### Work to complete
Retype only the lines below from the one with "刺繍用 リネン生地 カットクロス" to the one with "In First Out)的原则。", inclusive, skipping every image.

[Source data]
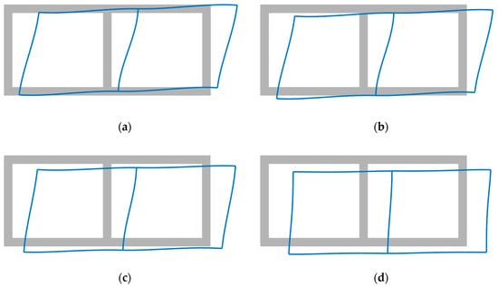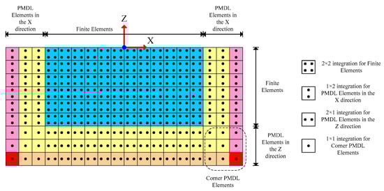 In Equations (3)–(20), a and b denote the half-width and half-height of the rectangular PMDL element. S, K, M, C, and R represent the dynamic stiffness, stiffness, mass, damping, and auxiliary matrices, respectively, while represents the material density. PMDLs should be modeled with elastic material, while the interior domain (Figure 2b), along with the substructure and superstructure, can be represented using either elastic or nonlinear materials. A key feature of the PMDL elements is the use of midpoint integration to eliminate discretization errors. As shown in Figure 4, the model that includes PMDL elements utilizes four types of integration rules: 2 × 2 integration for finite elements within the interior domain, 1 × 2 integration for PMDL elements in the X direction, 2 × 1 integration for PMDL elements in the Z direction, and 1 × 1 integration for corner PMDL elements. Table 1 illustrates the abscissas and weights of the numerical integration methodologies.
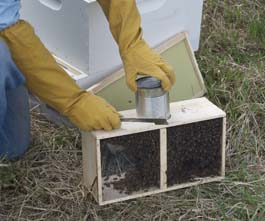 Ben bangs the bee cage down so the bees lose their grip on the top of the cage.
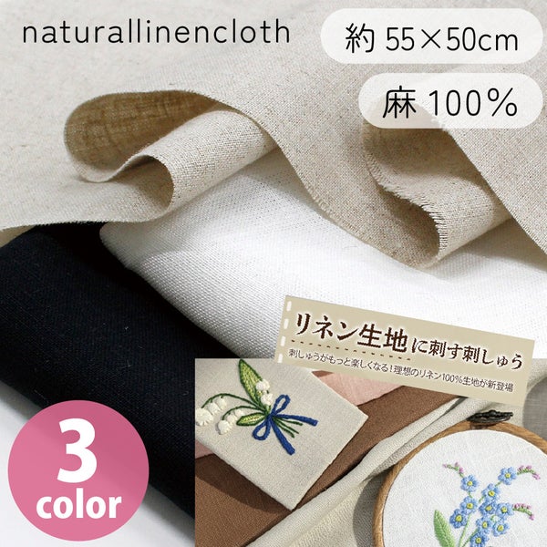 刺繍用 リネン生地 カットクロス 麻100% ナチュラルクロス 刺しゅう布 ハンドメイド 刺繍素材 約55×50cm | 手芸材料のネットショップ つくる楽しみ.com
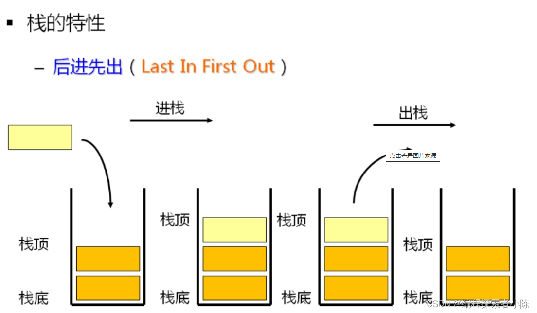 栈:一种特殊的线性表,其只允许在固定的一端进行插入和删除元素操作。进行数据插入和删除操作的一端 称为栈顶,另一端称为栈底。栈中的数据元素遵守后进先出LIFO(Last In First Out)的原则。
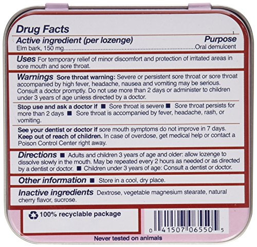 -. Feature : Trusted since 1847 by tenors, teachers, tour guides and other types who trill, talk and testify, Thayer's slippery elm lozenges speed relief to the throat and mouth / Made from the inner bark of the slippery elm tree (ulmus fulva), these dependable dlcents soothe the tissues of the mouth and throat and restore the voice without the dulling effects of menthol / Made in united states / Tin of 42 Thayers Cherry Slippery Elm Lozenges to relieve and sooth sore throat and mouth / Slippery elm soothes mouth and throat tissues to restore the voice without the dulling effects of menthol / Cherry flavor is naturally tangy and sweet / All natural, free of preservatives, gluten, lactose and sodium / Trusted since 1847; Vegan; Not tested on animals
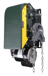 Opérateur à usage intensif destiné à des portes sectionnelles à élévation et surélévation verticale, ou des portes et grilles à enroulement. Il s'installe des deux côtés de la porte sur mur ou sur capot. Il intègre un palan à chaîne à engagement automatique pour actionner manuellement la porte.
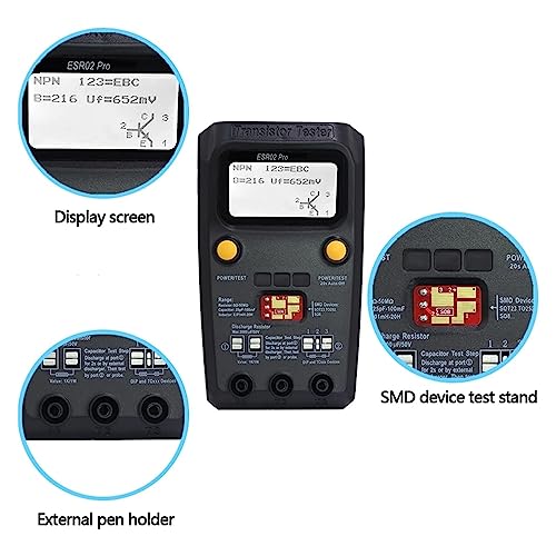 CIRONI Misuratori Tester for Transistor Digitale, componenti for multimetro Misuratore di Resistenza induttanza capacità triodo diodo (Size: ESR02PRO-Test clip-01)

### Solution
 刺繍用 リネン生地 カットクロス 麻100% ナチュラルクロス 刺しゅう布 ハンドメイド 刺繍素材 約55×50cm | 手芸材料のネットショップ つくる楽しみ.com
 栈:一种特殊的线性表,其只允许在固定的一端进行插入和删除元素操作。进行数据插入和删除操作的一端 称为栈顶,另一端称为栈底。栈中的数据元素遵守后进先出LIFO(Last In First Out)的原则。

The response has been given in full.